Monday, 30 January 2017

APEX Survey Results: Addressing Performance

Yep, I'm still doing this. A bunch of questions to come, many worth the visit. Just a few weeks between drinks, so to speak. My annual review is a little late, too. Anyway...

Time for the performance questions in my 2015 survey. A favourite topic of mine, and my boss, Penny Cookson, lives for tuning.

Q9. How do you proactively address performance? (tick all that apply)




Tune SQL - I would be surprised if this wasn't the top result. Plenty of SQL used in APEX applications, and why not tune them?

Limit Interpreted PL/SQL - this is good practice in general, but in the world of APEX, this means moving inline code from application into packages. You can get pretty quick wins doing this with any plugins. Read here for details.

Materialised Views - a database construct that can aggregate complex information at regular intervals, to be queried many times with simpler SQL over fewer rows. I've seen interesting examples that obfuscate layers to external information using pipelined functions. Or you could just use it for your menu.

Care using v() - Particularly important when referencing page items, since this function would execute a query on the session state table. While values such as APP_ID come from a persistent package variable, it's still context switching between SQL and PL/SQL, so it would be even better to use bind variable.
where id = (select v('APP_ID') from dual)
I think any use of v() should be questioned. SQL queries should use bind variables (not substitution strings) and packages should be parameterised.

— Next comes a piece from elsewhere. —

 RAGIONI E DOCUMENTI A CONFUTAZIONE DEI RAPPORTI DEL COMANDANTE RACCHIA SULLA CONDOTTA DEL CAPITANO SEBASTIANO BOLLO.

Page Workflow/Design - why refresh the entire page when a partial refresh would do? A well designed application will limit network traffic and the amount of queries necessary to serve the data. Refreshing regions on demand with dynamic actions is one of the most regular things I do. Declarative page modals in APEX 5.x have also made APEX life a lot more comfortable.

Global Page Modularisation - Performance also about the developer not repeating tasks over and over, causing future maintenance headaches.

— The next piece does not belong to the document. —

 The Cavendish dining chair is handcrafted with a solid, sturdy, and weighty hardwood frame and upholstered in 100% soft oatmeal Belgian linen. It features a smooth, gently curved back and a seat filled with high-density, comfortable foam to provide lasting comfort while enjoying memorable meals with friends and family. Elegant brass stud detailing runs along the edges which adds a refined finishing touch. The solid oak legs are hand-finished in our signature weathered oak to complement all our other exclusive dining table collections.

JSS/CSS File Management - minifying code can reduce network traffic, as can well designed libraries; CDNs; and declarative options. I understand APEX Front End Boost can help.

Care with jQuery selectors - selectors can be abused just like table indexes. I have some commentary on this here.

Region Caching - possibly underutilised, but the ability to cache region on the global page in APEX 5.0 opens options, as do some new APIs.

data-attributes - jQuery related, what I meant by this was to offer more information during report generation, which can help interactivity and reduce AJAX activity. Though read consistency issues should be considered. See a basic example here.

Other - a few people suggested a well designed data model. Touche. Even more got stuck into it in the next question on performance return on investment.

The User Interface attributes are also an area worth being familiar with, particularly in regard to application level file management.

I don't need to worry about performance - yeah, right.